Its that time of year!

Its that time of year again. The time when we dust off the old ESPN fantasy football API R code and fix everything that broke in the last year.

Here’s what I hope to show over the next few posts.

  1. How to access your ESPN public fantasy football league’s data.
  2. How to organize that data and create a few interesting displays.
  3. How to create a dashboard to supplement your league’s fun.

My ultimate goal is to build this into a package on Github. I’ve got that started, but its currently a work in progress.

All this code and more is located at my github.

And a special thanks to my friend and collaborator Jim Pleuss who really enhanced so much of this project!

A little background

This ESPN API exploration is a fun annual process. I first started doing this in 2018. In 2019, after some hacking and some updates, I posted about how to access public leagues, how to access private leagues using reticulate and python, and how to access private leagues in R. I went so far last year as to build a dashboard with the data to further analyze my league.

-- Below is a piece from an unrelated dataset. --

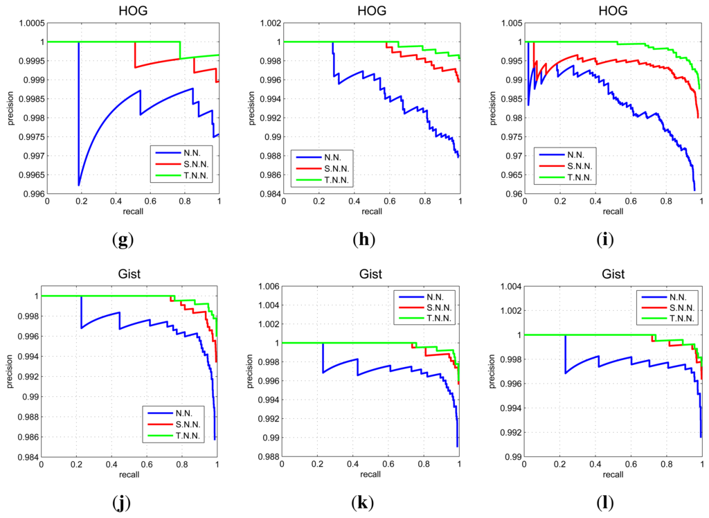 In Figure 10 we show some relevant graphs obtained using the COLD database. Each graph shows three recall and precision curves. To draw the first curve (NN) we consider that a test image is correctly classified if the nearest neighbor in the map is closer than 10 cm to the point where the test image was captured. The second curve (SNN) is drawn considering a correct classification when the nearest neighbor or the second nearest neighbor is within this threshold, and the third curve (TNN) considers a correct classification when the first or the second or the third nearest neighbor is within this 10 cm threshold. This way, the first curve is the most restrictive one. The second and the third curves also consider a good classification when the second or the third neighbor are geometrically close to the test images.
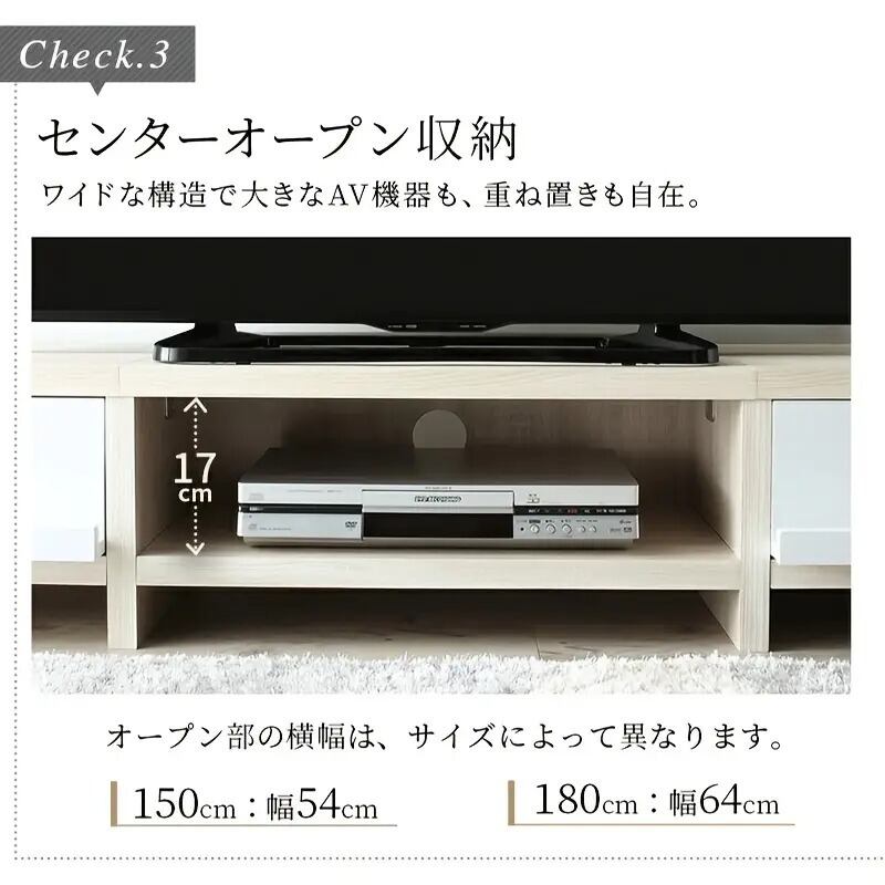 幅150cmで60インチのテレビにも対応し、リビングをスタイリッシュに彩ります。

Well, in 2020, ESPN changed their some of their end points. After a lot of exploration and the help of Chrome’s inspect tool, I present code to access ESPN’s API. This should work for any league. If you find it does not work for your league, I’d be happy to take a pull request or two to handle more nuances.

How to access the API

In the function below, you provide arguments for your leagueID and the week of the information you would like to extract.

To find your leagueID, look at the URL of your fantasy football home page on ESPN.

The output of this function will be a JSON file. I provide code to explore the JSON file as well.

library(tidyverse)
library(gt)

get_data <- function(leagueID = leagueID, per_id = per_id){
base = "http://fantasy.espn.com/apis/v3/games/ffl/seasons/"
year = "2020"
mid = "/segments/0/leagues/"
tail = str_c("?view=mDraftDetail",
             "&view=mLiveScoring",
             "&view=mMatchupScore,",
             "&view=mPendingTransactions",
             "&view=mPositionalRatings",
             "&view=mRoster",
             "&view=mSettings",
             "&view=mTeam",
             "&view=modular",
             "&view=mNav",
             "&view=mMatchupScore",
             "&scoringPeriodId="
             )

url = paste0(base,year,mid,leagueID,tail,per_id)

ESPNGet <- httr::GET(url = url)
ESPNRaw <- rawToChar(ESPNGet$content)
ESPNFromJSON <- jsonlite::fromJSON(ESPNRaw)

return(ESPNFromJSON)

}

leagueID <- 89417258
per_id <- 2

ESPNFromJSON <- get_data(leagueID = leagueID, per_id = per_id)

We’ll can explore the data using the listviewer package. You can peruse the data from this JSON below.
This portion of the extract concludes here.